Sadly however, the Irish had not endeared themselves to the rest of the British Isles. A series of ill-conceived rebellions had resulted in the slaughter of innocent men and women throughout the country and no cries of “for the cause” will ever cleanse away the stench emanating from the horrific depths of inhumanity our nation sank to at that time.

As is always the case, these murders only enraged the English more against the Papists and instilled such a vengeful attitude in Cromwell that his now famous cry to Catholics to go “to Hell or to Connaucht”, still reverberates in some parts of Ireland today.

On August 15th 1649, Cromwell landed his war-weary, but battle-hardened troops near Dublin, and set about in a systematic annihilation of Roman Catholics with a persistence and indifference to man, woman and child that makes Hitler look almost saintly. It is this episode in Cromwell’s life that makes many historians question whether he should be regarded as a hero for ridding the English throne of a liar,a cheat and a law-breaker (Charles 1), or as a monster who summarily slaughtered the Irish with absolutely no quarter given.

The “Lord, High Protector” returned to England almost a year after his arrival, leaving his son-in-law in command.

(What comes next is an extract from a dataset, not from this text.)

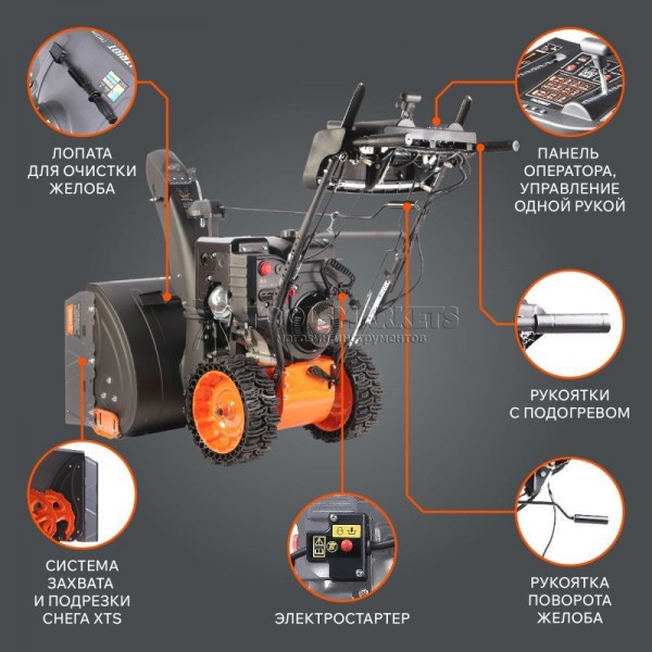 Профессиональный двигатель способен работать при температуре до -35 градусов, а функция электростарта позволяет запустить его по нажатию одной кнопки.

He proved to be every bit as lethal in concluding the genocide as was his father-in-law and within two years all Catholic resistance was at an end.

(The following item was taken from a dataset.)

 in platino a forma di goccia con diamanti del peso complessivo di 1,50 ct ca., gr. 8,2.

Although he was only in Ireland for about 8 months, Cromwell left such an indelible mark on the country that “The curse of Cromwell on you” has passed into the Irish language as an oath and curse on an enemy.

This period in Ireland was a time of great upheaval and turmoil and the killings and murders by one group on another fomented such hatred and mistrust between Catholics and Protestants, that it is little wonder that the same is almost intuitive in many people today.

Perhaps the saddest thing of all is that Cromwell’s assaults on the Irish Catholics and their retaliation against their Protestant “supplanters”, was all done in the name of Christ ---the Prince of Peace. Even today we hear the paradoxical cry that the “Christians” in Ireland are killing each other once more. It would do us all so much better,if,instead of killing people for the cause of Christ, we would live as He would have us live and win people to His cause with the love and forgiveness that He constantly showed ---even to His enemies.

The truth is that the time will come when each of us will finally understand the meaning of the little verse:
"Only one life, 'twill soon be past,
Only what's done for Christ will last".

Whether we are a Cromwell or the Irish Rebels who battled his oppressions, or a modern day Baptist, Catholic, or a "nothing", perhaps before we allow ourselves to get involved in a "religious" war, we would do well to as : "Is this really something the Prince of Peace would have me get involved in?"

Perhaps also if we "fighting Irish" would take the time to listen to His voice, we might hear Him say: "My faith is a faith of love and grace and forgiveness".

There is no greater paradox in the whole world than to hear of people killing others in and for the name of the One who could have slain so many with a single word, and yet allowed Himself to be offered as the sacrifice for all.

Whether it be the Crusades in the Holy Land, the assaults of Cromwell and the slaughterous actions of Irish Rebels,the Inquisition against the Hugenots & Albigensians and the attempted anniliation of Catholics by Elizabethan soldiers,or the "murders squads" of today's Ireland, Iraq or elsewhere, the "Killing for Christ" warcry is an assinine banner under which any reasonable thinking person could place himslf.

That motivation is fodder only for the most intellectually corrupt and morally destitute morons,who use Christ not for their own spiritual development, but for the satisfaction of their own personal greed and pyschosis.